Goal of the exercise:
Skipping each picture, output the entries exactly as they stand below.

/---

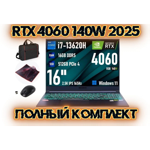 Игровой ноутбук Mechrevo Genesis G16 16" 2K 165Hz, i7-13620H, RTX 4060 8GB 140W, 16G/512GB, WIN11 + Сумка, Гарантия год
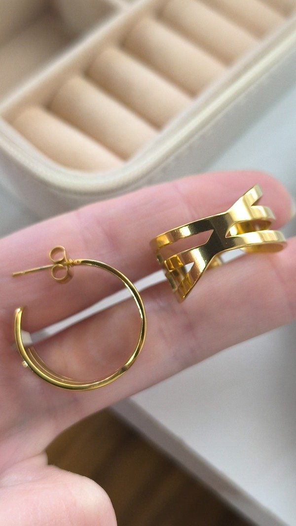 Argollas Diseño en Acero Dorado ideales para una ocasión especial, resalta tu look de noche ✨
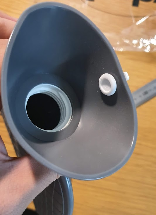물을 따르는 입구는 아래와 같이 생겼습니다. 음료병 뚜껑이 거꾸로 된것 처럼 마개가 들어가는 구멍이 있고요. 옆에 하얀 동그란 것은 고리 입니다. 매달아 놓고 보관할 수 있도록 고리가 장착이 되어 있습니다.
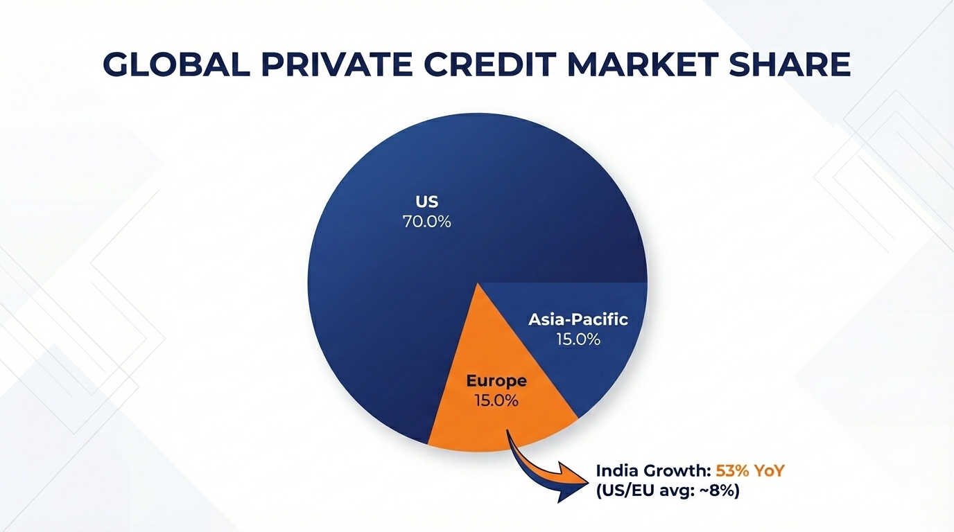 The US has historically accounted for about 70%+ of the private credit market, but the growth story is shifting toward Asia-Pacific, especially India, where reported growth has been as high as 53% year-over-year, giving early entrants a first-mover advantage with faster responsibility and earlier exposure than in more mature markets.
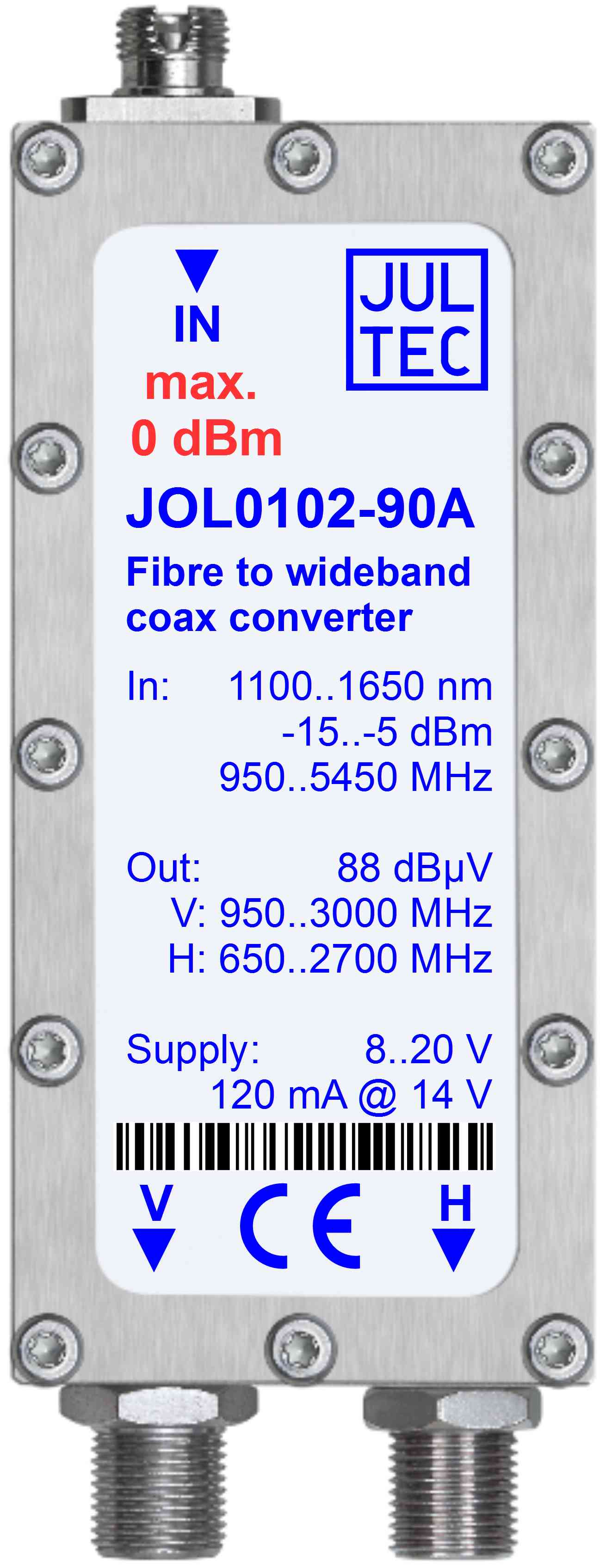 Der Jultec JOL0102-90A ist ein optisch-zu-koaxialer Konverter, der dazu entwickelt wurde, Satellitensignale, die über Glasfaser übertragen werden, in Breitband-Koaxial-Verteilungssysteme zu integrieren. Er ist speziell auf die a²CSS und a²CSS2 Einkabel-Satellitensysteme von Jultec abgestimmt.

\---

Reply to the exercise:
 Игровой ноутбук Mechrevo Genesis G16 16" 2K 165Hz, i7-13620H, RTX 4060 8GB 140W, 16G/512GB, WIN11 + Сумка, Гарантия год
 Argollas Diseño en Acero Dorado ideales para una ocasión especial, resalta tu look de noche ✨
물을 따르는 입구는 아래와 같이 생겼습니다. 음료병 뚜껑이 거꾸로 된것 처럼 마개가 들어가는 구멍이 있고요. 옆에 하얀 동그란 것은 고리 입니다. 매달아 놓고 보관할 수 있도록 고리가 장착이 되어 있습니다.
 The US has historically accounted for about 70%+ of the private credit market, but the growth story is shifting toward Asia-Pacific, especially India, where reported growth has been as high as 53% year-over-year, giving early entrants a first-mover advantage with faster responsibility and earlier exposure than in more mature markets.
 Der Jultec JOL0102-90A ist ein optisch-zu-koaxialer Konverter, der dazu entwickelt wurde, Satellitensignale, die über Glasfaser übertragen werden, in Breitband-Koaxial-Verteilungssysteme zu integrieren. Er ist speziell auf die a²CSS und a²CSS2 Einkabel-Satellitensysteme von Jultec abgestimmt.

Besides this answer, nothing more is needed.